** Opening MATERIAL PROVIDED block **

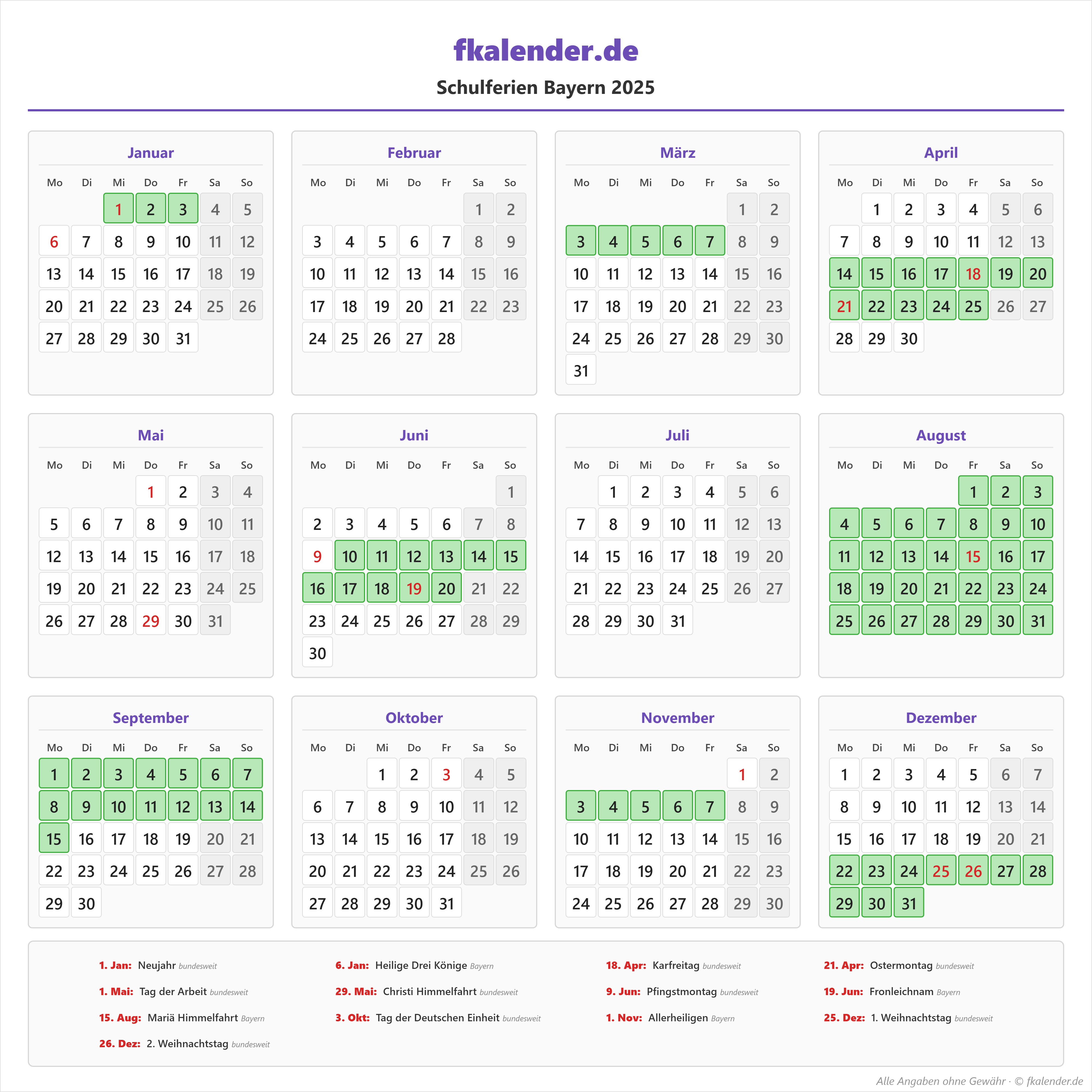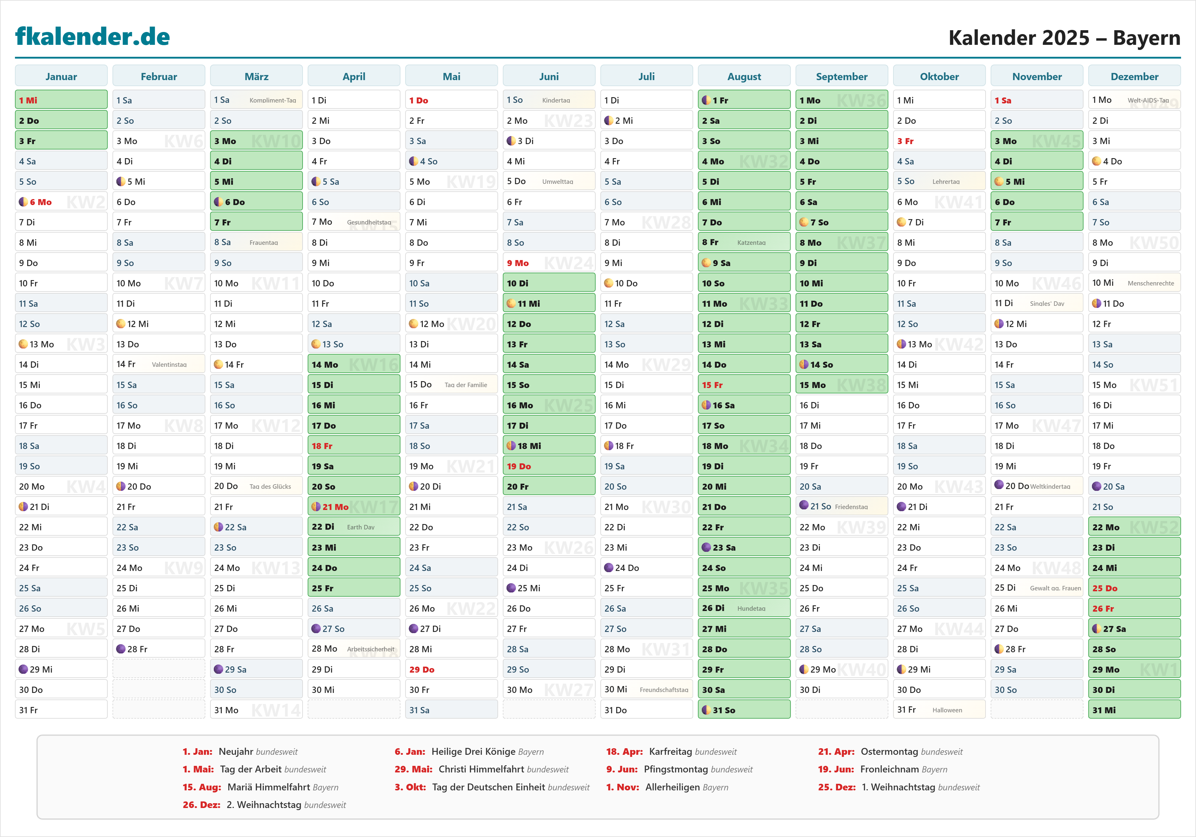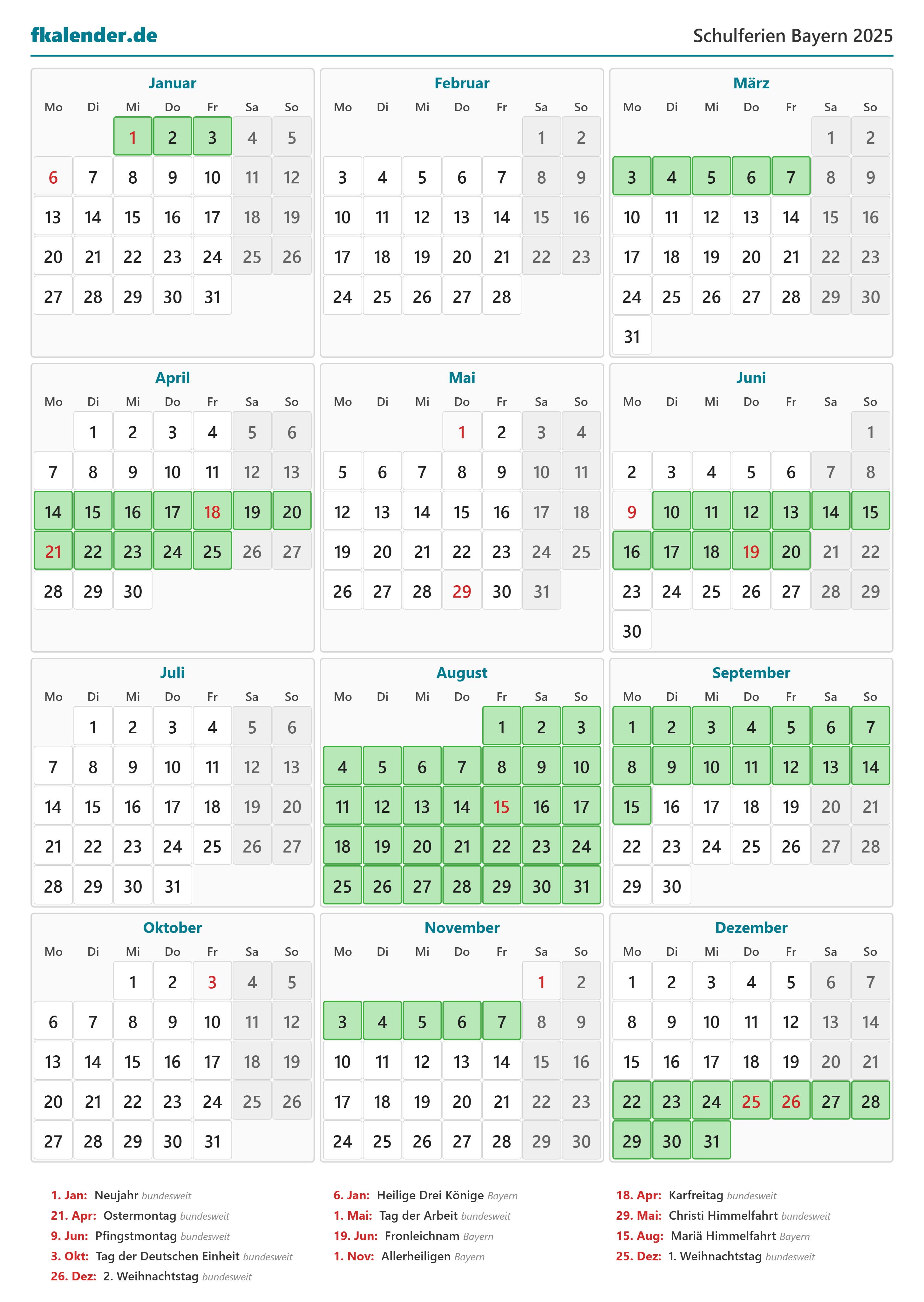Ferienkalender Bayern 2025 herunterladen
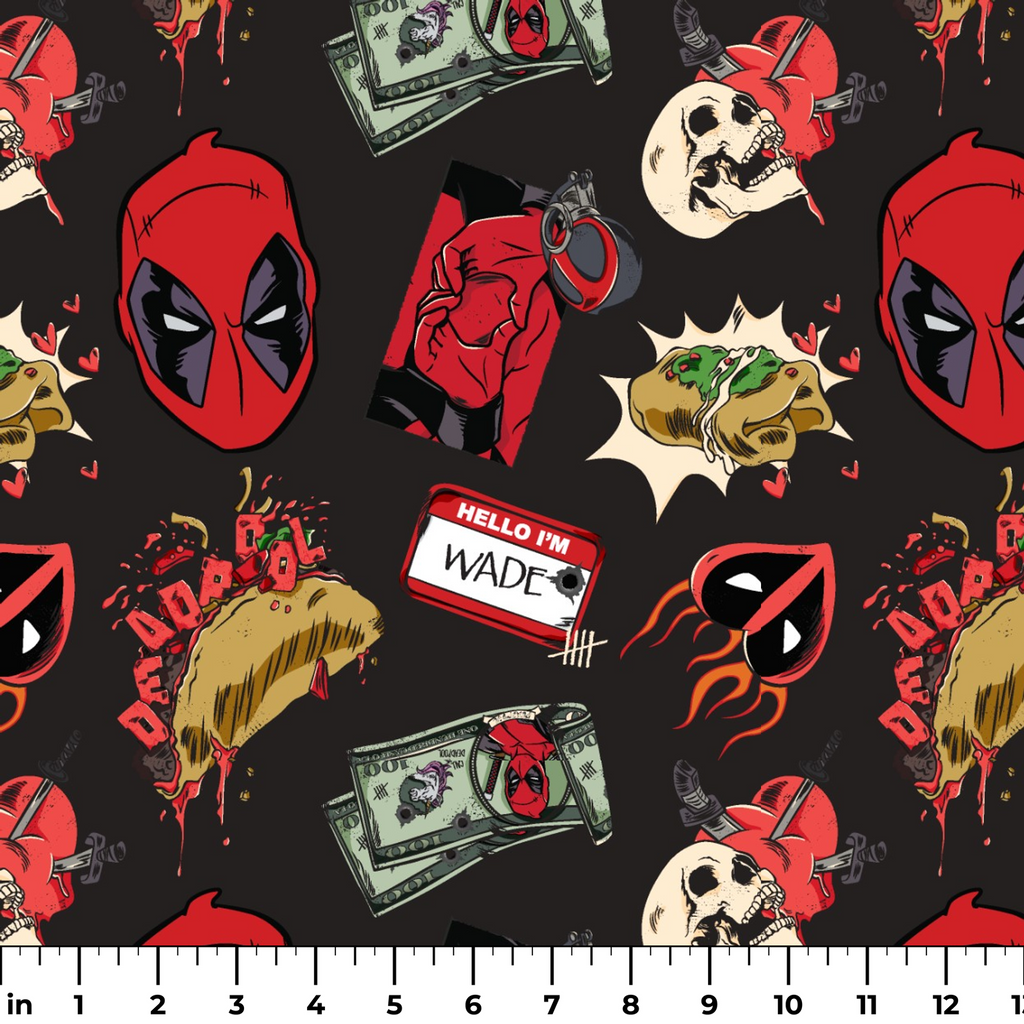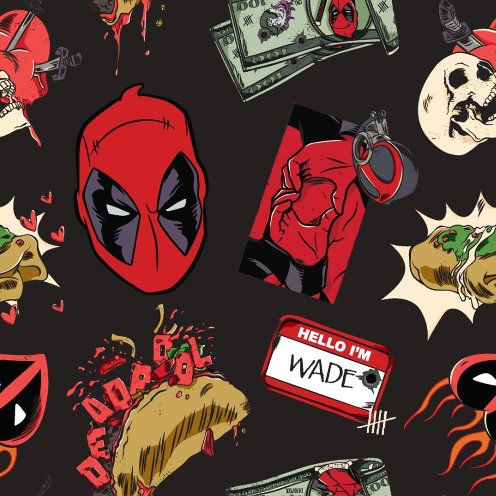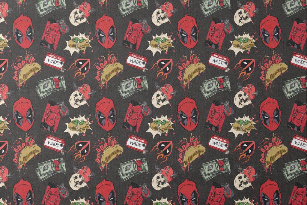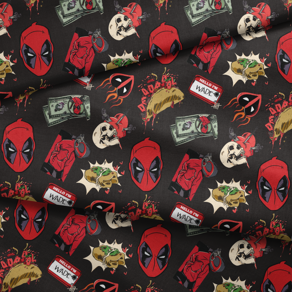 Vibrant Marvel Deadpool pattern featuring iconic red mask, name tag, dollar bills and comic elements on a black background. Perfect for fans of Marvel's irreverent anti-hero.
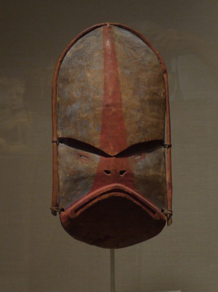 Regardant ce ‘masque’ attentivement, je me demande pourquoi les yeux (les trous pour voir) ne sont pas dans l’ombre de l’arcade sourcilière, à la hauteur du ressentiment?
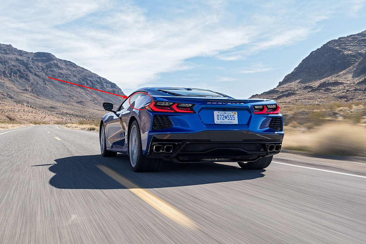 Ich vermute, das ist dem Umstand geschuldet, dass GM unbedingt noch einen zweiten "Kofferraum" im Heck bzw. eine Ablage fürs Targa-Dach haben wollte. Das ging leider auf Kosten des Designs. Aber wir groß wäre der Aufschrei gewesen, wenn das Targa-Dach keinen Platz gefunden hätte
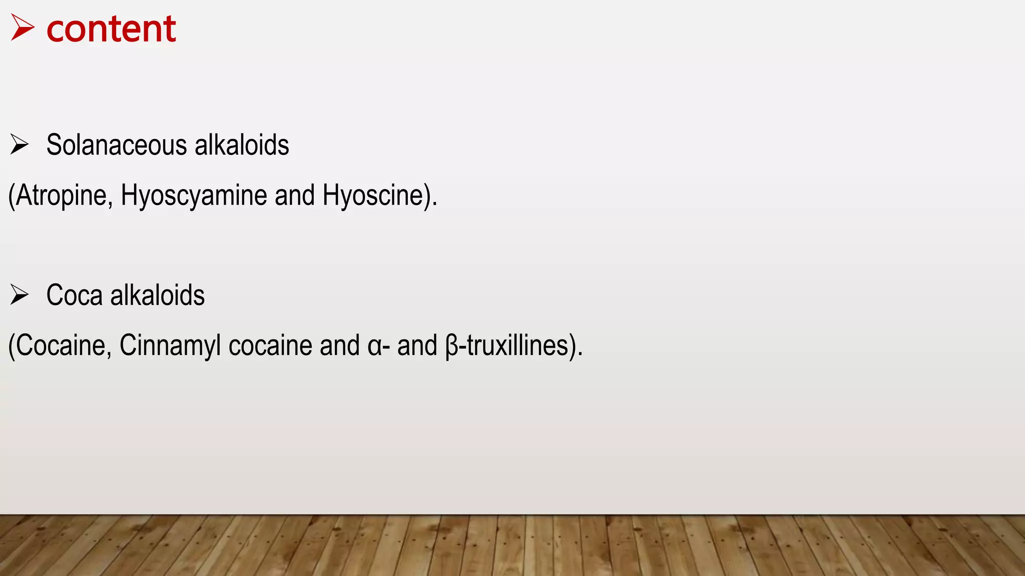 The document provides a detailed overview of tropane alkaloids, including structural information, classifications, and examples such as atropine, hyoscyamine, and cocaine. It discusses their synthesis, extraction processes, and pharmacological effects, highlighting the differences in activity and uses among various alkaloids. Furthermore, it addresses chemical tests used for identification and characterization of these compounds.

** Closing MATERIAL PROVIDED block **

Starting at the line that contains "Vibrant Marvel Deadpool", write out every line through the end of the entries above exactly, and omit the pictures.

 Vibrant Marvel Deadpool pattern featuring iconic red mask, name tag, dollar bills and comic elements on a black background. Perfect for fans of Marvel's irreverent anti-hero.
 Regardant ce ‘masque’ attentivement, je me demande pourquoi les yeux (les trous pour voir) ne sont pas dans l’ombre de l’arcade sourcilière, à la hauteur du ressentiment?
 Ich vermute, das ist dem Umstand geschuldet, dass GM unbedingt noch einen zweiten "Kofferraum" im Heck bzw. eine Ablage fürs Targa-Dach haben wollte. Das ging leider auf Kosten des Designs. Aber wir groß wäre der Aufschrei gewesen, wenn das Targa-Dach keinen Platz gefunden hätte
 The document provides a detailed overview of tropane alkaloids, including structural information, classifications, and examples such as atropine, hyoscyamine, and cocaine. It discusses their synthesis, extraction processes, and pharmacological effects, highlighting the differences in activity and uses among various alkaloids. Furthermore, it addresses chemical tests used for identification and characterization of these compounds.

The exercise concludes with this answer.